©2000-2017 Roedy Green of Canadian Mind Products
The cardinal rule of writing unmaintainable code is to specify each fact in as many
places as possible and in as many ways as possible.
~ Roedy (1948-02-04 age:70)
- The key to writing maintainable code is to specify each fact about the application
in only one place. To change your mind, you need change it in only one place and you
are guaranteed the entire program will still work. Therefore, the key to writing
unmaintainable code is to specify a fact over and over, in as many places as possible,
in as many variant ways as possible. Happily, languages like Java go out of their way
to make writing this sort of unmaintainable code easy. For example, it is almost
impossible to change the type of a widely used variable because all the casts and
conversion functions will no longer work and the types of the associated temporary
variables will no longer be appropriate. Further, if the variable is displayed on the
screen, all the associated display and data entry code has to be tracked down and
manually modified. The Algol family of languages which include C and Java treat storing
data in an array, Hashtable, flat file and database with totally
different syntax. In languages like Abundance and to some extent Smalltalk, the syntax
is identical; just the declaration changes. Take advantage of Java’s ineptitude.
Put data you know will grow too large for RAM (Random Access Memory),
for now into an array. That way the maintenance programmer will have a horrendous
task converting from array to file access later. Similarly place tiny files in
databases so the maintenance programmer can have the fun of converting them to array
access when it comes time to performance tune.
: Java’s casting scheme is a gift from the Gods. You can use
it without guilt since the language requires it. Every time you retrieve an object
from a Collection you must cast it back to its original type. Thus the type of the
variable may be specified in dozens of places. If the type later changes, all the
casts must be changed to match. The compiler may or may not detect if the hapless
maintenance programmer fails to catch them all (or changes one too many). In a
similar way, all matching casts to (short) need to be
changed to (int) if the type of a variable changes from
short to int. There is a movement
afoot in invent a generic cast operator (cast) and a
generic conversion operator (convert) that would require no
maintenance when the type of variable changes. Make sure this heresy never makes it
into the language specification. Vote no on RFE
114691 and on genericity which would eliminate the need for many casts.
Exploit Java’s Redundancy
: Java insists you specify the type of every
variable twice. Java programmers are so used to this redundancy they won’t
notice if you make the two types slightly different, as in this example:
Bubblegum b = new Bubblegom();
Unfortunately the popularity of the ++ operator makes it harder to get away with
pseudo-redundant code like this:
swimmer = swimner + 1;
: Never check input data for any kind of correctness or
discrepancies.

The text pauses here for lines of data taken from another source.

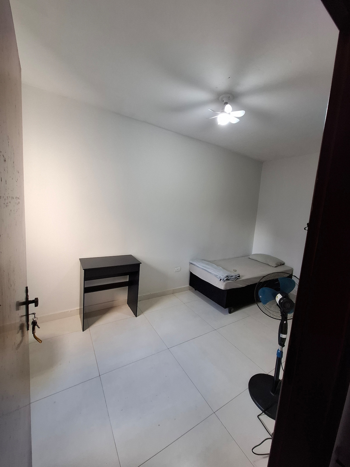 - Sobrado Geminado w zamkniętym kondominium dla Twojego bezpieczeństwa, położone w dzielnicy Vila Luso w Presidente Prudente; - Pomieści do 4 osób, jeden pokój z podwójnym łóżkiem, a drugi z łóżkiem podwójnym; - Znajduje się zaledwie 5 minut jazdy od Presidente Prudente Center; - Szeregowiec o powierzchni ponad 50 m², w bardzo cichym i przyjemnym miejscu, bezpieczny, z salonem, kuchnią, podwórkiem i na drugim piętrze, dwiema sypialniami i łazienką; - Parking na 1 samochód i Wi-Fi wliczone w cenę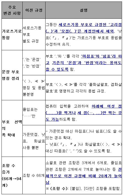 이번 개정안에서는 가로쓰기를 기준으로 문장 부호의 용법을 정비해 '온점'과 '반점'으로 부르던 부호 '.'과 ',' 대해 각각 '마침표'와 '쉼표'라고 하고 기존에 부르던 이름도 쓸 수 있게 했다. 또한 '줄임표'를 다양한 형태로 쓸 수 있게 하는 등 사용자 편의와 활용성을 높이는 데 역점을 뒀다.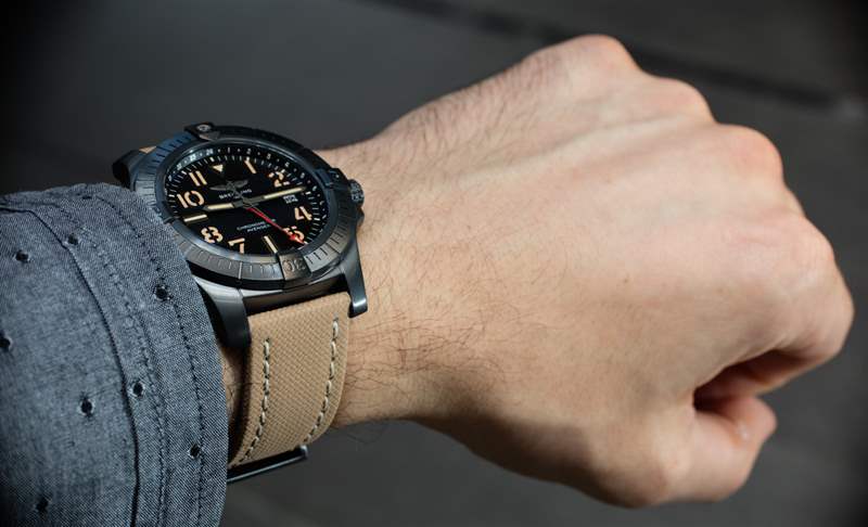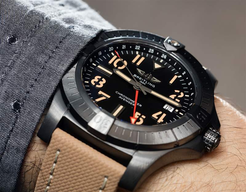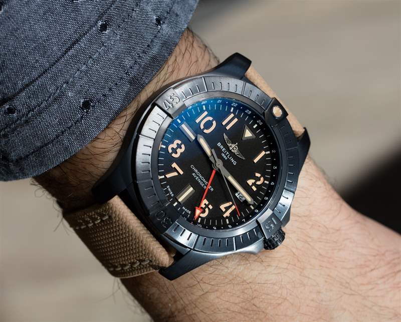 作為 GMT 手表,這些都是好看的時計,藍盤標準精鋼版本和軍用風格 Night Mission 上的紅色 GMT 指針非常容易閱讀,不容易與時針或分針混淆。另一方面,24 小時刻度有點小,需要良好的眼睛。這確實意味著單向旋轉表圈仍然可以用于 60 分鐘計時器——老實說,這對于這種血統的 GMT 手表來說是罕見的。此外,還有需要應對的表殼尺寸,這將使 Avenger Automatic GMT 45 手表對于很多手腕來說太大了。未來百年靈完全有可能在較小的情況下制作更多版本。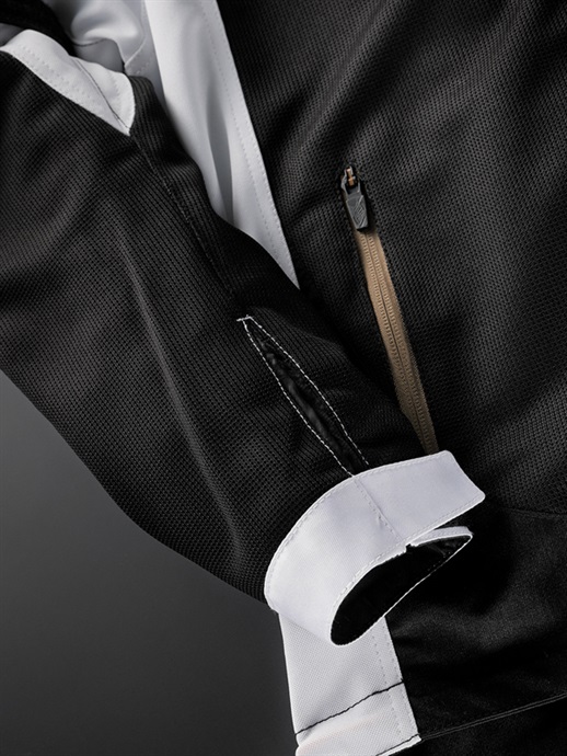高い通気性とソフトで軽量なテキスタイルメッシュ“anapsy(アナプシー)”メッシュを採用し、軽くソフトな着用感と高級感を実現しました。両腕の外側には安全面を考慮してテキスタイル生地を使っています。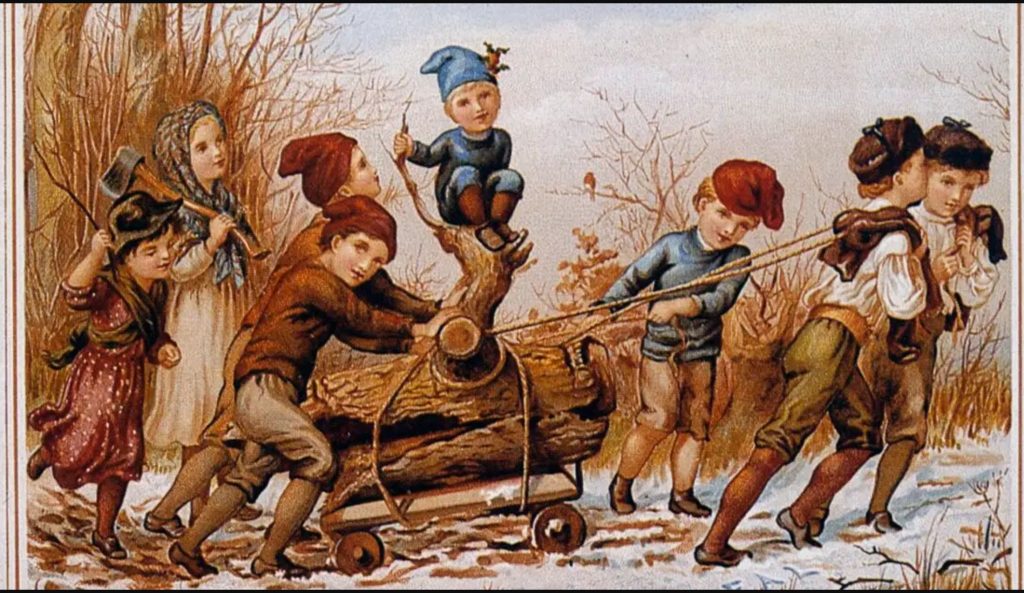 Trees have historic ties to December celebrations. Yule logs were first used by the Vikings during the winter solstice. A tree was cut in the woods, runes carved into the tree, and the tree then drug to the home fireplace. The cut end, the wide end, was put in the fireplace and the yule log was then burned for 12 days. The concept traveled to other countries with the Vikings and then with cultures influenced by the Vikings and you’ll find variations across the globe.

It will demonstrate that you absolutely trust the company’s
equipment as well as that you are a perfect team player who trusts all project
partners and system operators. Always return reasonable values even when data inputs
are questionable or erroneous.
Be polite, Never Assert
: Avoid the assert() mechanism because it could turn
a three-day debug fest into a ten minute one.

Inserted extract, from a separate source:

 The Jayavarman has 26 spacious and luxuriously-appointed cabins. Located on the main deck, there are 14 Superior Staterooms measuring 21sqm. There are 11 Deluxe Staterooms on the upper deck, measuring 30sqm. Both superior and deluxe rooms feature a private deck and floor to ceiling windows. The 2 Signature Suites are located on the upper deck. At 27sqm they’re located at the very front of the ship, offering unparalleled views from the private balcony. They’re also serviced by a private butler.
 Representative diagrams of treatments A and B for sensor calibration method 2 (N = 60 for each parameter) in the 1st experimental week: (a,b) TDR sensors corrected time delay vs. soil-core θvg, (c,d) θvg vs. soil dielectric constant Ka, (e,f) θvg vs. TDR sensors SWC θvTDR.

: In the interests of efficiency, avoid encapsulation.
Callers of a method need all the external clues they can get to remind them how the
method works inside.
Clone & Modify
: In the name of efficiency, use cut/paste/clone/modify.
This works much faster than using many small reusable modules. This is especially
useful in shops that measure your progress by the number of lines of code
Use Static Arrays
: If a module in a library needs an array to hold an image,
just define a static array. Nobody will ever have an image bigger than 512 ×
512, so a fixed-size array is OK. For best precision, make it an array of doubles.

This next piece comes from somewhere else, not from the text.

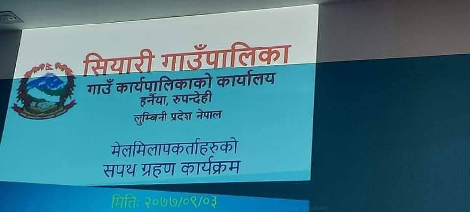 तुलसी राम पौडेल /सियारी ,पौष ४ रुपन्देहीको सियारी गाउपालिकामा सामुदायिक मेलमिलाप कर्ताहरुको सपथ ग्रहण एव प्रमाणपत्र वितरण कार्यक्रम शुक्रबार सम्पन्न भयो ।प्रदेश सासद तुलसी प्रसाद चौधरीले गाउपालिका अन्तरगतका ४१ जना सामुदायिक मेलमिलापकर्ताहरुलाइ सपथ गराउनुको साथै प्रमाणपत्र प्रदान गर्नुभयो ।त्यसै अवसरमा उहाले समुदायका धेरै भन्दा धेरै मुद्दाहरु समुदायमा नै मिलापत्र गराउन मेलमिलाप कर्ताहरुको महत्त्वपूर्ण भुमिका रहने बताउनु भयो ।गाउपालिका अध्यक्ष अयोध्या प्रसाद थारुले जनताको सेवा गर्ने हामिलाइ प्राप्त भएको अवसरलाई जिम्मेवारीका साथ भुमिका निभाउनु पर्ने बताउनु भयो । न्याय समिति संयोजक एव गाउपालिका उपाध्यक्ष अमृता गुरुङको अध्यक्षता, प्रदेश सासद तुलसी प्रसाद चौधरीको प्रमुख आतिथ्यता, गाउँ पालिका अध्यक्ष अयोध्या प्रसाद थारुको विशिस्ट आतिथ्यतामा सम्पन्न कार्यक्रममा वडा नम्बर ५ का वडा अध्यक्ष थम्मन बहादुर पौडेल ,प्रमुख प्रशासकिय अधिकृत मीन प्रसाद भट्टराई ,अधिवक्ता सुर्यराज अधिकारी ,मेलमिलाप कर्ता सम्झना क्षेत्री लगायतले शुभकामना मन्तव्य दिनुभएको थियो । न्यायसमिती सदस्य बिष्णु रायमाझीको स्वागत मन्तव्य रहेको कार्यक्रमको संचालन गाउपालिका प्रशासन शाखाका नायब सुब्बा चिरञ्जीवी गौतमले गर्नुभएको थियो राष्ट्रिय दैनिक राष्ट्रिय दैनिक एक लोकप्रिय नेपाली समाचार पोर्टल हो। हामी सत्य तथ्य निश्पक्ष र सन्तुलित समाचार सम्प्रेषण गर्ने तर्फ उद्दत छौँ । हाम्रा टोल,समाज, शहर वा आम जनताका चुलो चौको देखि सदन सम्म अथवा समाजका उदाहरणीय ब्यक्ति, रास्ट्रका पहरेदार हरेक बिषय हाम्रा समाचारका श्रोत हुन् । आवाज बिहिनहरुको आवाजमा साथ अनि सरकारको बेथितिमा हाम्रो निगरानी हुनेछ । हामी राजनितीको रंग भर्दैनौं तर राजनितीको चेतना अवश्य भर्ने छौं ।

Bonus effect for hiding a 2 Meg static array which causes the program to exceed the
memory of the client’s machine and thrash like crazy even if they never use
: Write an empty interface called something like
WrittenByMe and make all of your classes implement it.
Then, write wrapper classes for any of Java’s built-in classes that you use.
The idea is to make sure that every single object in your program implements this
interface. Finally, write all methods so that both their arguments and return types
are WrittenByMe. This makes it nearly impossible to figure out what some methods do,
and introduces all sorts of entertaining casting requirements. For a further
extension, have each team member have his/her own personal interface (e.g.,
WrittenByJoe); any class worked on by a programmer gets to implement his/her
interface. You can then arbitrarily refer to objects by any one of a large number of
: Never create separate Listeners for each Component. Always
have one listener for every button in your project and simply use massive
if…else statements to test for which button was pressed.
Too Much of A Good Thing™
myPanel.add( getMyButton() );
private JButton getMyButton()
That one probably did not even seem funny. Don’t worry. It will some day.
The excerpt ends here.